Il est commun en Europe de penser que Gutenberg fut l’inventeur de l’imprimerie, déclenchant ainsi par ses prouesses technologiques une vague intellectuelle qui touchera plus ou moins tout l’Occident : l’humanisme. Si une telle assertion ne fait aucun doute dans le contexte européen, force est de constater qu’en Asie, et en Corée en particulier, l’imprimerie est une invention plus ancienne, témoignant très tôt d’une vie intellectuelle particulièrement vive. Retour sur un aspect méconnu de la culture asiatique.
Johann Gutenberg, le célèbre imprimeur allemand, édite au cours des années 1450 plusieurs exemplaires de la Vulgate, la fameuse bible traduite en latin par Saint-Jérôme. Malheureusement pour lui, sa première presse dotée de caractères métalliques mobiles n’a pas le succès escompté auprès de la population et il finira ruiné. Cette version, répétée à l'envi dans les écoles primaires européennes, ne constitue que la partie occidentalo-centrée de l’histoire. En effet, pour qui décentre son regard vers l’Asie, on s’aperçoit que les Chinois ont maîtrisé l’imprimerie à caractères fixes (impression page par page, à la différence de la presse de Gutenberg qui permettait de recomposer des textes avec les mêmes caractères) beaucoup plus tôt puisque les premiers textes imprimés datent de la très raffinée dynastie Tang, soit entre 618 et 907 de notre ère. Le Sutra du Diamant, texte bouddhique considéré comme le premier texte imprimé connu, aurait été édité en 868. Ce texte sacré, destiné à être diffusé gratuitement (à une certaine strate sociale de lettrés, cela s’entend) a été retrouvé dans la splendide grotte de Dunhuang (actuelle province chinoise du Gansu, inscrite au patrimoine mondial de l’UNESCO, photo ci-dessus, source TravelChinaGuide) et a connu une histoire rocambolesque, à l’image de l’empire Chinois.

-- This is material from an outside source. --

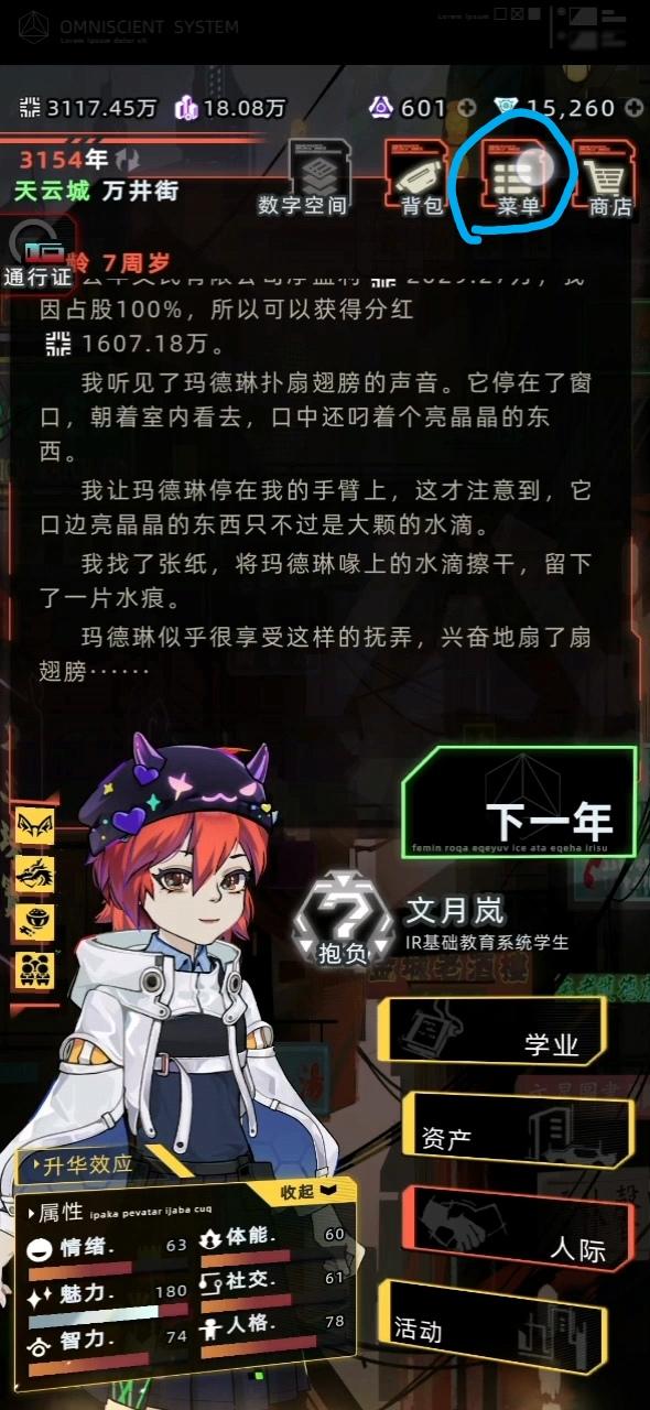 图片是录屏截图,游戏里只有下一年点了有反应,其他都点不开,包括商店、菜单都不行。#未来人生 #未来人生反馈 #未来人生问题反馈

D’abord possession chinoise (Dunhuang est devenue une circonscription impériale sous la dynastie des Han antérieurs, en 117 avant JC), puis sous contrôle d’un roitelet tibétain (le Tibet n’a été unifié que lorsqu’il est devenu un vassal chinois, en 1244) et enfin possession mongole (dynastie Yuan), le Sutra du Diamant ne doit sa longévité qu’au fait que chacun de ses possesseurs successifs se réclame du bouddhisme. Malheureusement, comme beaucoup de trésors nationaux chinois, le Sutra du Diamant a été pillé par des Occidentaux lors de la « découverte » occidentale des grottes de Dunhuang. En 1907, le célèbre linguiste français Paul Pelliot parvient à racheter de nombreux imprimés – dont le Sutra de Dunhuang, et ces manuscrits sont toujours actuellement visibles à la Bibliothèque Nationale de France (BNF).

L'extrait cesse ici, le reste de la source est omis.